# Logistic Regression in R with Single-Trial Data

The examples in this post is taken from a class I took at the University of Missouri. These examples are originally provided in SAS and I translated them to R.

The relationship between countries’ credit ratings and the volatility of the countries’ stock markets was examined in the Journal of Portfolio Management (Spring 1996). Our interest lies in whether volatility (standard deviation of stock returns) and credit rating (in percent) can be used to classify a country into one of the two market types (developed or emerging).

## Descriptive analysis

The data is read into a data.frame with the response as a factor. It’s customary and preferable to use a classification variable as a factor and let R do the rest of the things. When the factor is created from character data like we do in this example, the default order of the levels of that factor are alphabetical. It can be changed so that the level in higher order are coded with larger number. In glm(), it always model the level with higher order as the event. Therefore here we changed the order of levels so that in glm we can model the probability of the response being a developed country.

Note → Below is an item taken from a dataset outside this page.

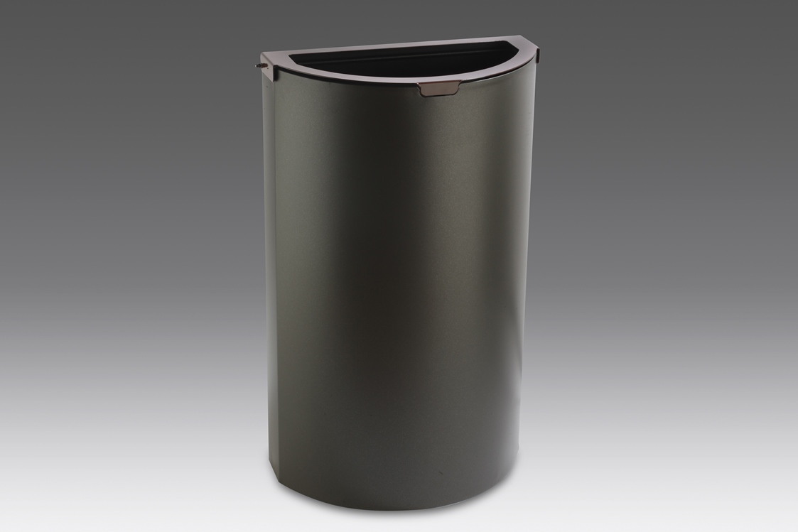 Papelera reciclaje semicircular metálica color gris con cabezal identificativo del color de cada residuo a elegir por el cliente y aro sujeta-bolsas interior para facilitar el vaciado.

volatile <- read.table("datasets/volatile.dat")
names(volatile) <- c('country/region', 'volatile', 'credit', 'market')
volatile$market <- factor(volatile$market, levels = c('emerge', 'develop'))
kable(volatile)
country/region volatile credit market
Afghanistan 55.7 8.3 emerge
Australia 23.9 71.2 develop
China 27.2 57.0 emerge
Cuba 55.0 8.7 emerge
Germany 20.3 90.9 develop
France 20.6 89.1 develop
India 30.3 46.1 emerge
Belgium 22.3 79.2 develop
Canada 22.1 80.3 develop
Ethiopia 47.9 14.1 emerge
Haiti 54.9 8.8 emerge
Japan 20.2 91.6 develop
Libya 36.7 30.0 emerge
Malaysia 24.3 69.1 emerge
Mexico 31.8 41.8 emerge
NewZealand 24.3 69.4 develop
Nigeria 46.2 15.8 emerge
Oman 28.6 51.8 develop
Panama 38.6 26.4 emerge
Spain 23.4 73.7 develop
Sudan 60.5 6.0 emerge
Taiwan 22.2 79.9 develop
Norway 21.4 84.6 develop
Sweden 23.3 74.1 develop
Togo 45.1 17.0 emerge
Ukraine 46.3 15.7 emerge
UnitedKingdom 20.8 87.8 develop
UnitedStates 20.3 90.7 develop
Vietnam 36.9 29.5 emerge
Zimbabwe 36.2 31.0 emerge

## Logistic regression

In R, logistic regression model is fitted by glm() with binomial distribution family. The default link function for binomial family is the logit link.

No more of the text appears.